** Action item **
For the data below, give again exactly the lines from the one containing "les 3 derniers" through the one containing "圖為國網(wǎng)渭南供電", both ends included, and no others.

** Listed entries **
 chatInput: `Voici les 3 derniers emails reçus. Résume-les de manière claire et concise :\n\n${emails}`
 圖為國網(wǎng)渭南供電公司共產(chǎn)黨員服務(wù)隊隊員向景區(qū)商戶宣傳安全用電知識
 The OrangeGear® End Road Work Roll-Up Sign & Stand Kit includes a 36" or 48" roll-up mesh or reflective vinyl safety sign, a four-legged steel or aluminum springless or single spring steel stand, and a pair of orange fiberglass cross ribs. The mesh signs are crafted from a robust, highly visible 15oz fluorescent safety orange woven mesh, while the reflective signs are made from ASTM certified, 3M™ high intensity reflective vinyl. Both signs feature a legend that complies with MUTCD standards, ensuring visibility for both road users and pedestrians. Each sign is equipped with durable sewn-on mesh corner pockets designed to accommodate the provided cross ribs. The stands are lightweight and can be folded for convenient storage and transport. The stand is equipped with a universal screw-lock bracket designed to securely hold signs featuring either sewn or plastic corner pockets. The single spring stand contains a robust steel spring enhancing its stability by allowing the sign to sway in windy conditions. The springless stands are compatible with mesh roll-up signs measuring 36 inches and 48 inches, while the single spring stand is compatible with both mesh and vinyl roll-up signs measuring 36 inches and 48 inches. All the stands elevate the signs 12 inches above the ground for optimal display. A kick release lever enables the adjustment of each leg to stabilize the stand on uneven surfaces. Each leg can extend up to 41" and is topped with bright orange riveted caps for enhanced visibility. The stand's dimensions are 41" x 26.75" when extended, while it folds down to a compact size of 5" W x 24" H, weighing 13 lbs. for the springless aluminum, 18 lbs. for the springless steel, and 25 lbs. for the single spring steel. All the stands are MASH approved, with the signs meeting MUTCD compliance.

---

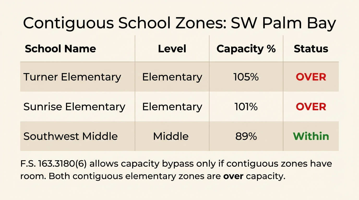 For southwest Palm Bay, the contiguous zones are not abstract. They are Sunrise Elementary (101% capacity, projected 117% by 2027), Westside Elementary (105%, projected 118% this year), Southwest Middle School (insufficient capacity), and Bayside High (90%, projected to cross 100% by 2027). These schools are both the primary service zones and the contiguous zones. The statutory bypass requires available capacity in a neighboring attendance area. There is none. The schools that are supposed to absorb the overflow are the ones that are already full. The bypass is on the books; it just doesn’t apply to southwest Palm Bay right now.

* * *

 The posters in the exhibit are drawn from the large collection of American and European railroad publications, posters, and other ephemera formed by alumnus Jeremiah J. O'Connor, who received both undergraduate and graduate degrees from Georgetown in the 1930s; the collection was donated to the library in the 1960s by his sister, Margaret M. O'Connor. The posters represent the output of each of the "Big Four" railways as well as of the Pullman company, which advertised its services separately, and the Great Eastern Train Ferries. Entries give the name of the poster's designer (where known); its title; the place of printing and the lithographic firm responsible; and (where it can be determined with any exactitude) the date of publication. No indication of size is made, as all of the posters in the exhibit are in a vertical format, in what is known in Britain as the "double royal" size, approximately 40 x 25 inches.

** Exercise answer **
 chatInput: `Voici les 3 derniers emails reçus. Résume-les de manière claire et concise :\n\n${emails}`
 圖為國網(wǎng)渭南供電公司共產(chǎn)黨員服務(wù)隊隊員向景區(qū)商戶宣傳安全用電知識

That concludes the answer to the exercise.